Lessons learned and often revisited: Story you might enjoy and relate to from my personal life:
  When I was 17, my father was a minority partner in a small commodities firm. During my summer break after my junior year in high school, he decided to introduce me to the wonderful world of commodities trading. I loved it from day 1. I studied and read everything I could that summer in his office about commodities trading and fell in love. The following summer I openned my own account with $5000 and slowly started trading with the help of my dad. He kept a tight leash on me and I couldnt get enough of the action. I didnt see very many friends that summer.
  Over the next 3 years, full time during the summers and part time rest of the year I kept trading and slowly build my account up to $25,000, while in college. Pretty good for a novice I thought. My dad was always there to help and guide me.
  I learned more about technical trading than stock traders learn in a lifetime. But, I had one more lesson to learn.
  After my junior year in college, that summer I told my dad I wanted to do it totally on my own and see how I could do. I had ambitions of doing this full time after college.
  That summer I was on fire. Anything I touched turned to gold. The charts were clear as can be and my decisions flawless. By the end of the summer, my account had ballooned to $150,000.
  To my dads great disappointment, I told him I was postponing my senior year to further pursue my trading fantasies. During that fall, I started swinging from the rafters. 20 contracts of gold, 30 contracts of wheat, 40 contracts of pork bellies, but my bread and butter was the swiss frank. In late fall, my account was at $287,000. I was on top of the world. But, there was a change. I was no longer pushing trades, but rather pulling them. Often way overleveraged, and often trading position just slightly favorable. Thought I was invincible. I wanted to be a millionare in the next 6 months. Everyday I wanted to make a score and had no patience anymore. I was bulletproof.
  Then 1 friday afternoon I sold 50 contracts of the swiss frank. Just barely missing my price target of covering, I decided to hold over the weekend. Up to that point I had made a mint on the swiss frank on the downside.
  Bank intervantion happened sunday, limit up monday with no trading followed by limit up tuesday. Friday morning I was in my fathers office with tears and a broken man. He wrote out a check for $36,000 to cover my debt to the firm after I blew everything and more in 4 short days.
  With my dream shaterred, I went back to school that january to finish college. I wasnt the same, it took me a long time to get over it and realize and understand my mistakes.
  At 22, I had lived a lifetime. 
  2 years later I started trading again very small and slowly got into stocks.
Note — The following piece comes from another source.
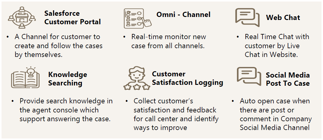 ABeam Consulting can offer the integrated CRM solutions with many digitalize applications. Since Salesforce.com is a powerful CRM with ability to integration, more solutions can be developed. Therefore, ABeam Consulting's Salesforce.com service covers not only Sales/Service cloud implementation but also CRM business consulting, Project management and integration with other digital applications such as ERP, Call Center tool, Social media, etc.

When I turned 29, my net worth was around 180K. 80K of that was in my stock account, which I traded mostly on the long side. My job, CEO of Intro-Logic, a small private software company in michigan at the time, I absolutely hated. So I quit that year and decided to pursue my hobbies Poker and Trading. I am a world class poker player and have won many big tournaments, 1 at the World Series of Poker in Vegas.
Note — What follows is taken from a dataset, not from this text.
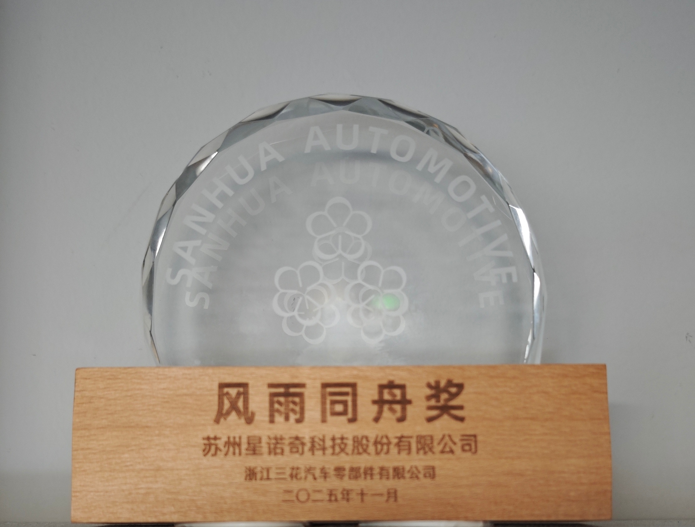 近日,苏州星诺奇科技股份有限公司凭借在精密零部件供应上的卓越表现与紧密协作,荣获浙江三花汽车零部件有限公司颁发的“风雨同舟奖”。

  Anyway, I started trading stocks full time. That year my account grew from 80K to 410K on mostly maximum positions on the long side. I got caught again when one of my major holding preannounced and lost 50% overnight. It was a momentum stock with a pe of 70 (which was enormous at the time)
  2 month later, once again a broken man, my account was down to 45k. It was very hard to overcome this mentally. I thought I had learned all my lessons 8 years earlier. I guess not.
  My poker was going great and that helped ease the pain. I always had balls of steel, but never knew how to control them in my 20s. Over the years, I have seen many friends, acquintances, poker associates and even clients at Prudential Securities blow up and lose all their money. None of them had a plan or a clue about money and risk management. In most cases, they never recovered mentally or financially.
  For the past 8 years, I have developed a plan. I have implemented money and risk management into my investing. The past 2 years, I have been on a fairy tale ride. My crystal ball has been working like never before. On top of everything else, at the end of every month 1/2 of my trading profits are being dollar cost averaged into mutual funds.
  Never will I feel the mental pain that I felt twice in my life. Learn from my mistakes and successes.
  Many of you are very strong traders that made lots of money shorting in a very favorable time (year 2000). Dont let your successes go to your head.
  Sleep easy at night and always understand the risks of your investments.